Recorded information below:

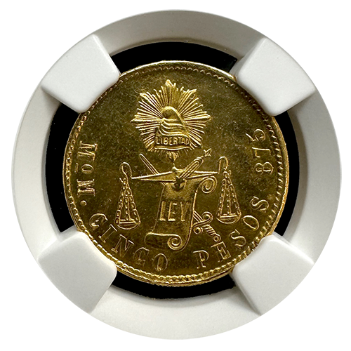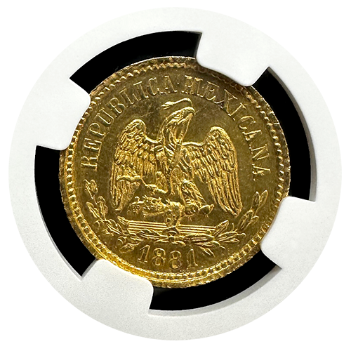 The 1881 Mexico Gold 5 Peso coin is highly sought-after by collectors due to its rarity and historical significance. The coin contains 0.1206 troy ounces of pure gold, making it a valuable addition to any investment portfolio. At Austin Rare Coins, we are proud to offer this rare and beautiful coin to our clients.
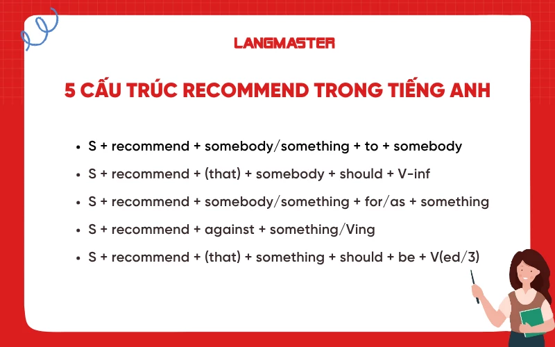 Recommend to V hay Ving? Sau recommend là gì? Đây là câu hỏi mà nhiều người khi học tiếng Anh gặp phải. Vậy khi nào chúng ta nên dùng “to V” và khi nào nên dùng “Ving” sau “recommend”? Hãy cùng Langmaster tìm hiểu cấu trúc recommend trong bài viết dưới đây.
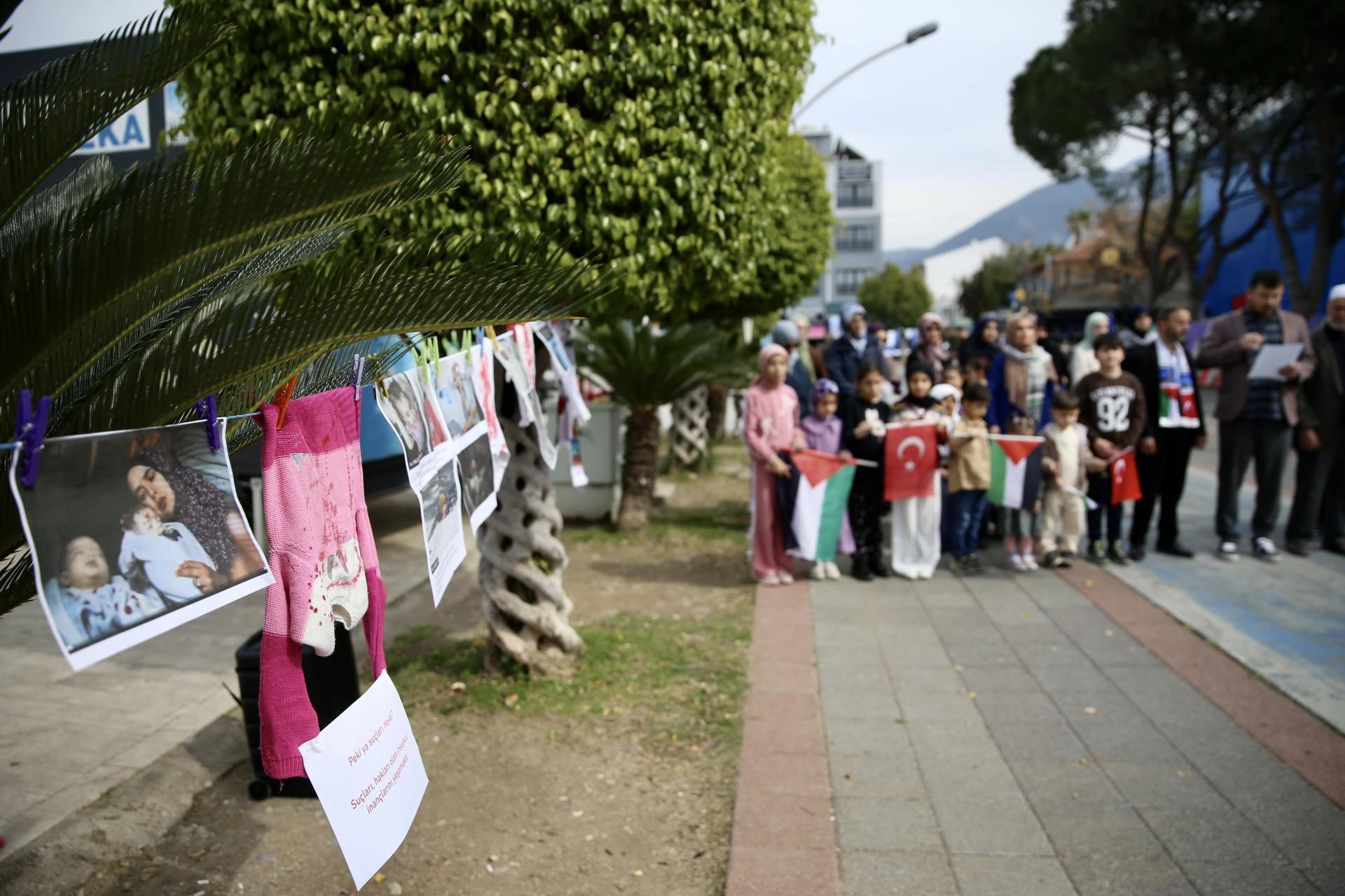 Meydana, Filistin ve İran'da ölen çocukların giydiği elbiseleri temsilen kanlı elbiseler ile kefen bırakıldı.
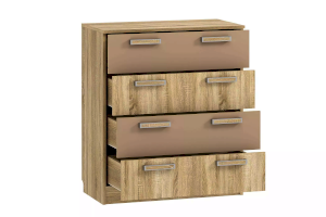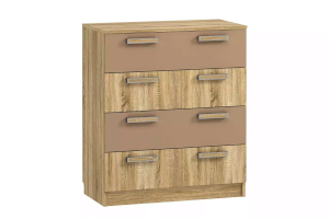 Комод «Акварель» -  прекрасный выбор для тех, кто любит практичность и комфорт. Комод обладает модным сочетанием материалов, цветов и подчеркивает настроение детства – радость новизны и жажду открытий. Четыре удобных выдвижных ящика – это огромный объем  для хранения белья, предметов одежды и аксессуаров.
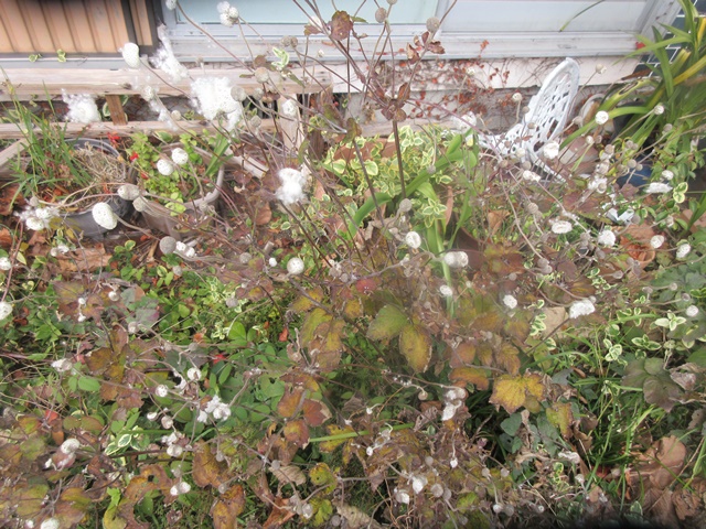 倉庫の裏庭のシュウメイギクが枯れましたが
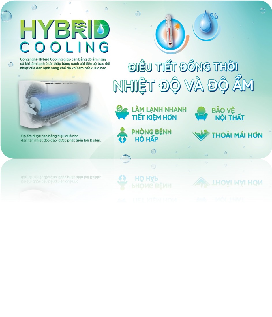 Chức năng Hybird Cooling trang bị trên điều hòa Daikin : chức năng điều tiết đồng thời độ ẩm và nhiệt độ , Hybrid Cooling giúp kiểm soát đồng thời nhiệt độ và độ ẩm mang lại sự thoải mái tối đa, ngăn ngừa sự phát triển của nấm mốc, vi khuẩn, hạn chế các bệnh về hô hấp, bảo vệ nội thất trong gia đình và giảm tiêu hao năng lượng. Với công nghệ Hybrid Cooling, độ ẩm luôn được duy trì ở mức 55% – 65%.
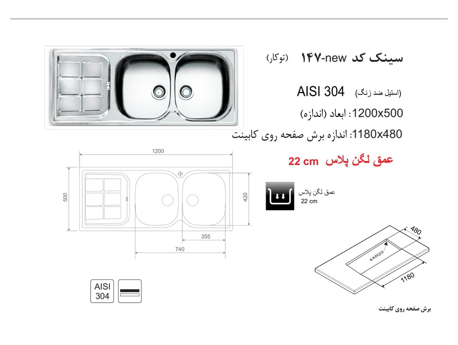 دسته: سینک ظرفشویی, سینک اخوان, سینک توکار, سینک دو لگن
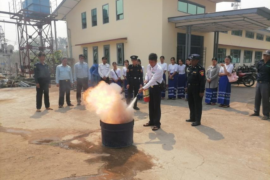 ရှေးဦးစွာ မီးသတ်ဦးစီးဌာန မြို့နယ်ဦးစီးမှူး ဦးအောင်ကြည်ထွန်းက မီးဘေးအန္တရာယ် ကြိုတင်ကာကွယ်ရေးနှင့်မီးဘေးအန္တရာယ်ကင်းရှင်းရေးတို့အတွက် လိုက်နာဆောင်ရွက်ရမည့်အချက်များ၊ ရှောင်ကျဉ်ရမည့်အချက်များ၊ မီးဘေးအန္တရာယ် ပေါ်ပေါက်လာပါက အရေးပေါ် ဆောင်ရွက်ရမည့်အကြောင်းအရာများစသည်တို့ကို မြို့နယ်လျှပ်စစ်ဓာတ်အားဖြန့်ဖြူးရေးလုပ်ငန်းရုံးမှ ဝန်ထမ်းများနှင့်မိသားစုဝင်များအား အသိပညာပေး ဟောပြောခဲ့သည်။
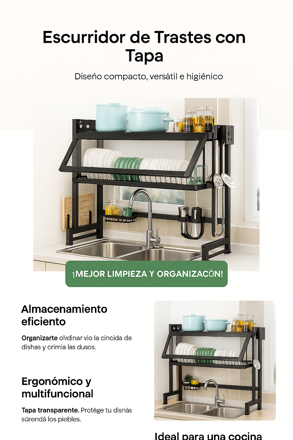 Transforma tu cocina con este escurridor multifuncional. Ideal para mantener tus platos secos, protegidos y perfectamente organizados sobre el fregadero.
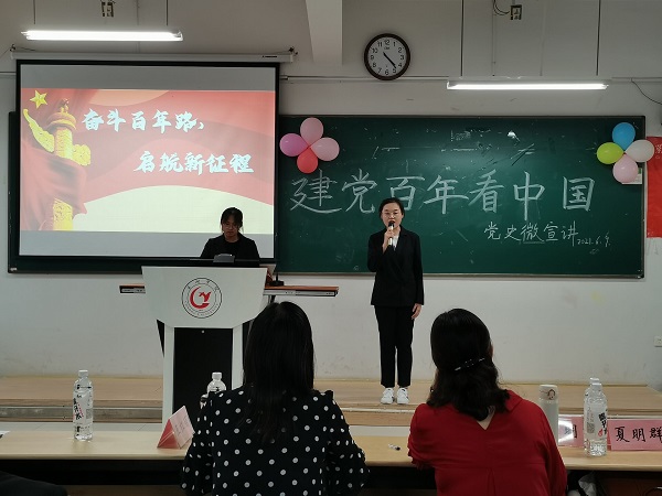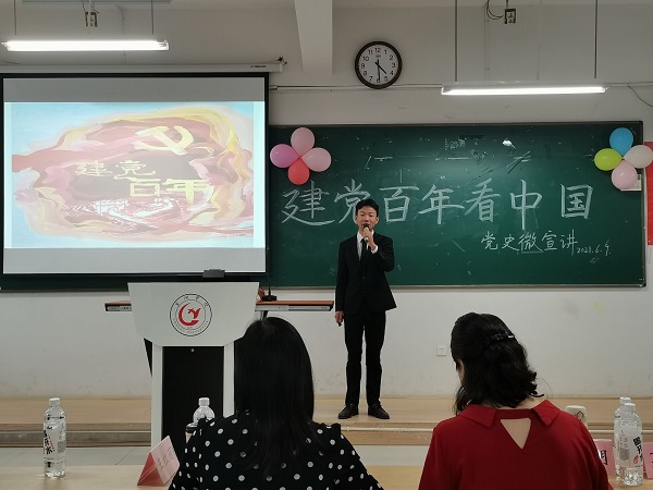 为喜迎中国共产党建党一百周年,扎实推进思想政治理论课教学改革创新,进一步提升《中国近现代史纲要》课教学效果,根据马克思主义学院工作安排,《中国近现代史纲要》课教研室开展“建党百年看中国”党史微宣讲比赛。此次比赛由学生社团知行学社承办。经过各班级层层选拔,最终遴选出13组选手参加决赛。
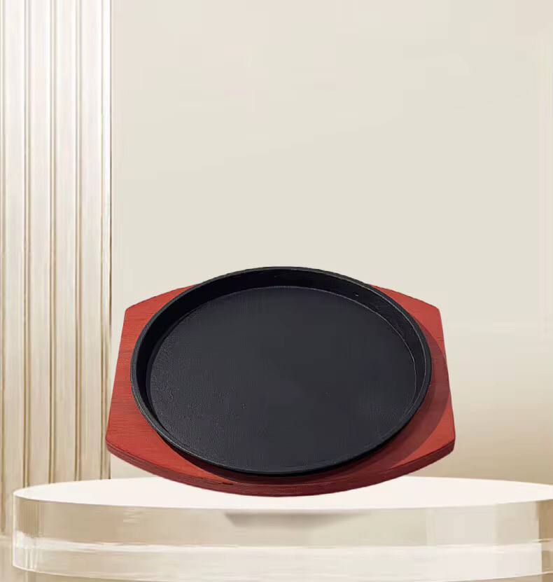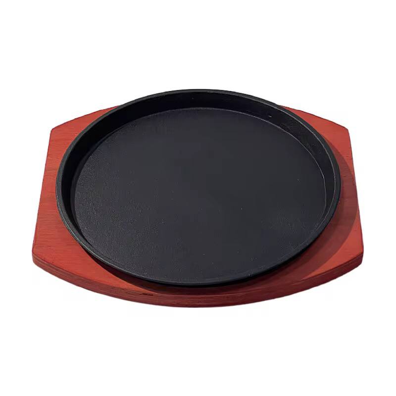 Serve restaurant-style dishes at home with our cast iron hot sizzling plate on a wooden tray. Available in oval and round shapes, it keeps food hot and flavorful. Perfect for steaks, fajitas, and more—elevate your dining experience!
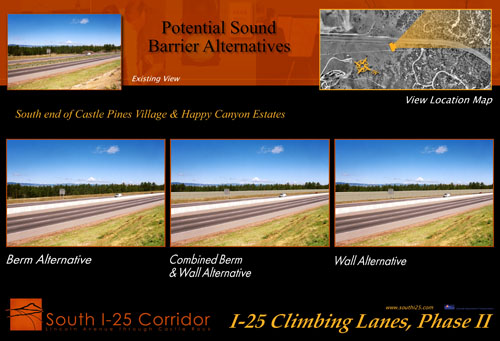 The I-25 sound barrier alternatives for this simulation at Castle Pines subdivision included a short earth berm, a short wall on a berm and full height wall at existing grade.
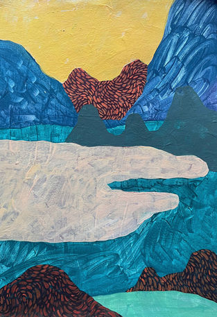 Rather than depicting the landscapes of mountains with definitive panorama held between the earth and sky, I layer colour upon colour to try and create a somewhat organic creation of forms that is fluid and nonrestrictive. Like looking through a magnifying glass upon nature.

End of Recorded information.

• Directions for this task
Every line above should be printed again word for word, without its pictures.

• Task output
 The 1881 Mexico Gold 5 Peso coin is highly sought-after by collectors due to its rarity and historical significance. The coin contains 0.1206 troy ounces of pure gold, making it a valuable addition to any investment portfolio. At Austin Rare Coins, we are proud to offer this rare and beautiful coin to our clients.
 Recommend to V hay Ving? Sau recommend là gì? Đây là câu hỏi mà nhiều người khi học tiếng Anh gặp phải. Vậy khi nào chúng ta nên dùng “to V” và khi nào nên dùng “Ving” sau “recommend”? Hãy cùng Langmaster tìm hiểu cấu trúc recommend trong bài viết dưới đây.
 Meydana, Filistin ve İran'da ölen çocukların giydiği elbiseleri temsilen kanlı elbiseler ile kefen bırakıldı.
 Комод «Акварель» -  прекрасный выбор для тех, кто любит практичность и комфорт. Комод обладает модным сочетанием материалов, цветов и подчеркивает настроение детства – радость новизны и жажду открытий. Четыре удобных выдвижных ящика – это огромный объем  для хранения белья, предметов одежды и аксессуаров.
 倉庫の裏庭のシュウメイギクが枯れましたが
 Chức năng Hybird Cooling trang bị trên điều hòa Daikin : chức năng điều tiết đồng thời độ ẩm và nhiệt độ , Hybrid Cooling giúp kiểm soát đồng thời nhiệt độ và độ ẩm mang lại sự thoải mái tối đa, ngăn ngừa sự phát triển của nấm mốc, vi khuẩn, hạn chế các bệnh về hô hấp, bảo vệ nội thất trong gia đình và giảm tiêu hao năng lượng. Với công nghệ Hybrid Cooling, độ ẩm luôn được duy trì ở mức 55% – 65%.
 دسته: سینک ظرفشویی, سینک اخوان, سینک توکار, سینک دو لگن
 ရှေးဦးစွာ မီးသတ်ဦးစီးဌာန မြို့နယ်ဦးစီးမှူး ဦးအောင်ကြည်ထွန်းက မီးဘေးအန္တရာယ် ကြိုတင်ကာကွယ်ရေးနှင့်မီးဘေးအန္တရာယ်ကင်းရှင်းရေးတို့အတွက် လိုက်နာဆောင်ရွက်ရမည့်အချက်များ၊ ရှောင်ကျဉ်ရမည့်အချက်များ၊ မီးဘေးအန္တရာယ် ပေါ်ပေါက်လာပါက အရေးပေါ် ဆောင်ရွက်ရမည့်အကြောင်းအရာများစသည်တို့ကို မြို့နယ်လျှပ်စစ်ဓာတ်အားဖြန့်ဖြူးရေးလုပ်ငန်းရုံးမှ ဝန်ထမ်းများနှင့်မိသားစုဝင်များအား အသိပညာပေး ဟောပြောခဲ့သည်။
 Transforma tu cocina con este escurridor multifuncional. Ideal para mantener tus platos secos, protegidos y perfectamente organizados sobre el fregadero.
 为喜迎中国共产党建党一百周年,扎实推进思想政治理论课教学改革创新,进一步提升《中国近现代史纲要》课教学效果,根据马克思主义学院工作安排,《中国近现代史纲要》课教研室开展“建党百年看中国”党史微宣讲比赛。此次比赛由学生社团知行学社承办。经过各班级层层选拔,最终遴选出13组选手参加决赛。
 Serve restaurant-style dishes at home with our cast iron hot sizzling plate on a wooden tray. Available in oval and round shapes, it keeps food hot and flavorful. Perfect for steaks, fajitas, and more—elevate your dining experience!
 The I-25 sound barrier alternatives for this simulation at Castle Pines subdivision included a short earth berm, a short wall on a berm and full height wall at existing grade.
 Rather than depicting the landscapes of mountains with definitive panorama held between the earth and sky, I layer colour upon colour to try and create a somewhat organic creation of forms that is fluid and nonrestrictive. Like looking through a magnifying glass upon nature.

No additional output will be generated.